** Exercise goal **
All that is needed is the run of lines from the top of the entries to the line with "Black Cargo Mini Skirt", that line included, repeated exactly and free of pictures.

** Data supplied **
+---+
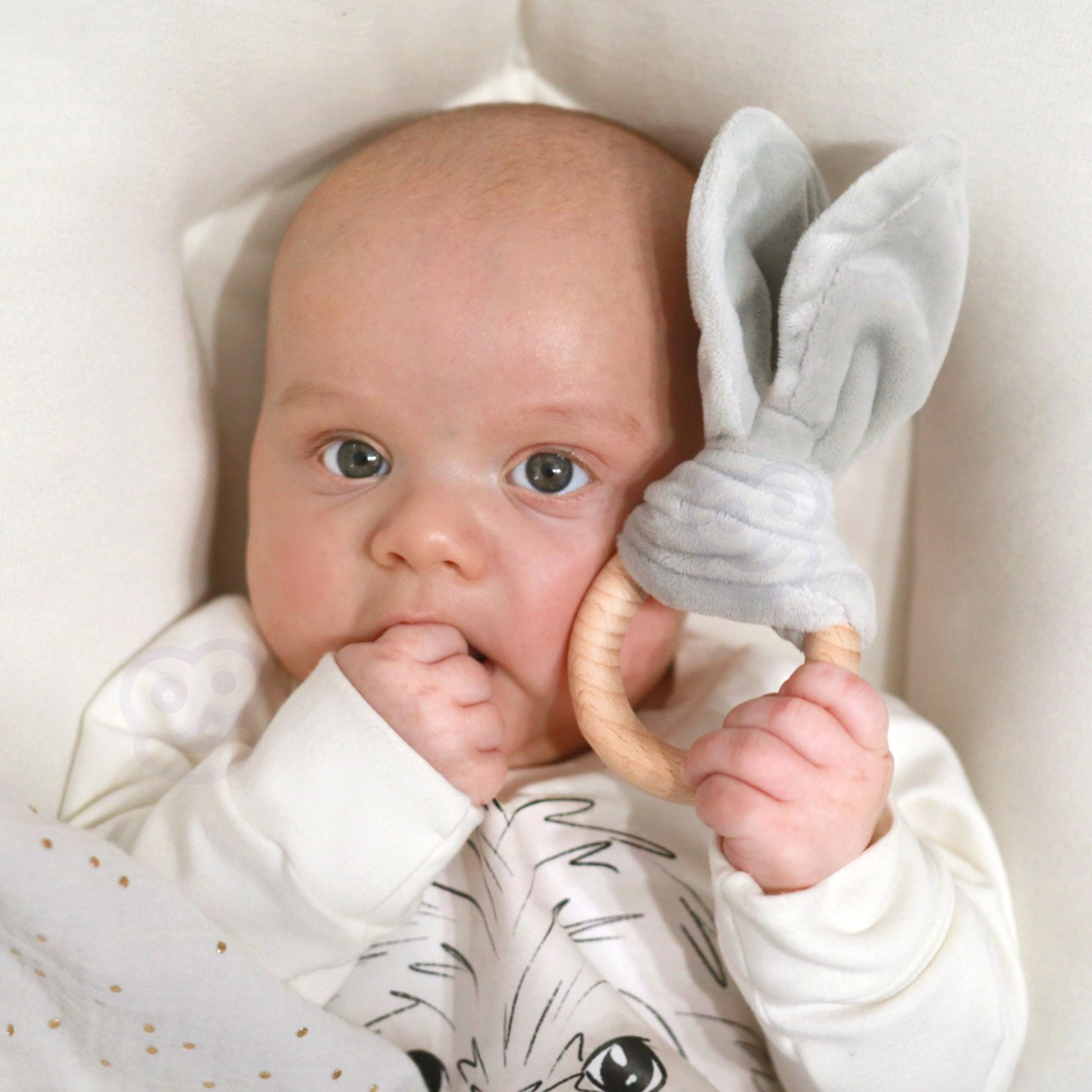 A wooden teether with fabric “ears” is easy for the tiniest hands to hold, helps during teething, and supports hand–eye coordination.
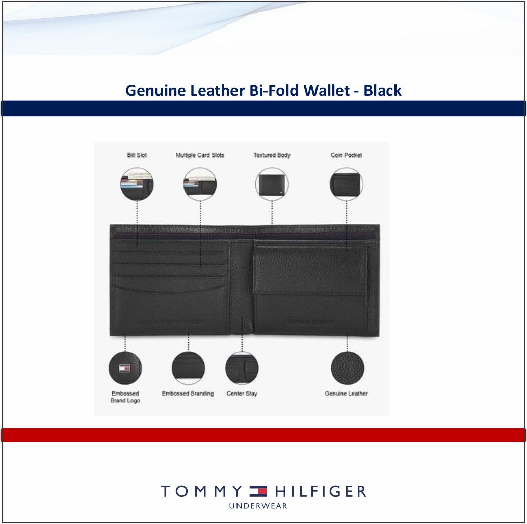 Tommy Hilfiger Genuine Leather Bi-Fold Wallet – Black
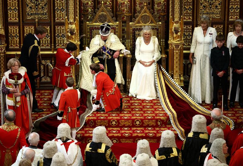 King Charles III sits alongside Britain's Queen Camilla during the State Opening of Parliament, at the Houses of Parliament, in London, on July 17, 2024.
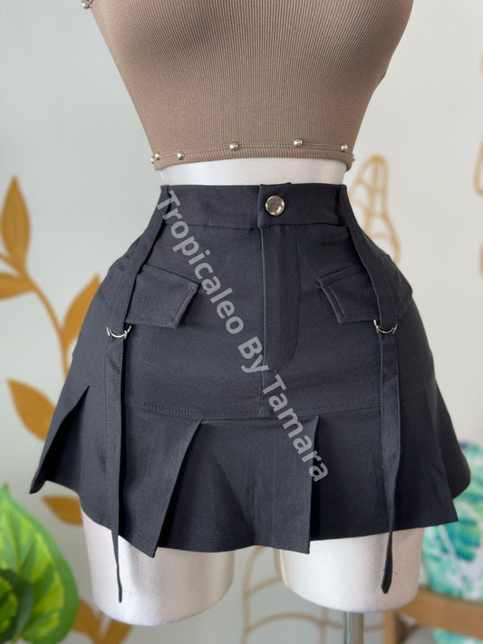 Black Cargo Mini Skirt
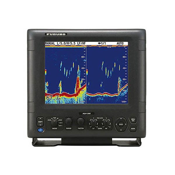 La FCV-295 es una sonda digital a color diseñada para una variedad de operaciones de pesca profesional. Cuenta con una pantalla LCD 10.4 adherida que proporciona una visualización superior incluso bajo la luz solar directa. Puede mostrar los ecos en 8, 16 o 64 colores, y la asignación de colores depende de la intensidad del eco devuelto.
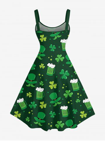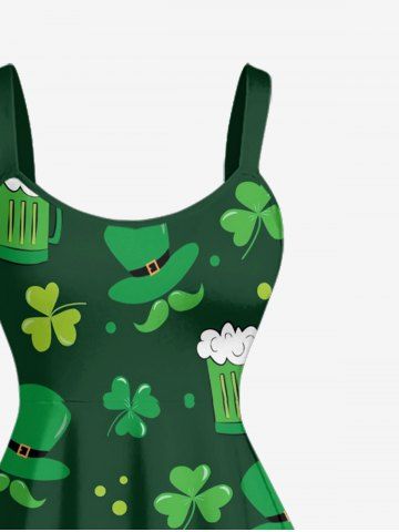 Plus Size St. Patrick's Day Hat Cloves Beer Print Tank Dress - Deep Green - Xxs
+---+
** Written answer **
 A wooden teether with fabric “ears” is easy for the tiniest hands to hold, helps during teething, and supports hand–eye coordination.
 Tommy Hilfiger Genuine Leather Bi-Fold Wallet – Black
 King Charles III sits alongside Britain's Queen Camilla during the State Opening of Parliament, at the Houses of Parliament, in London, on July 17, 2024.
 Black Cargo Mini Skirt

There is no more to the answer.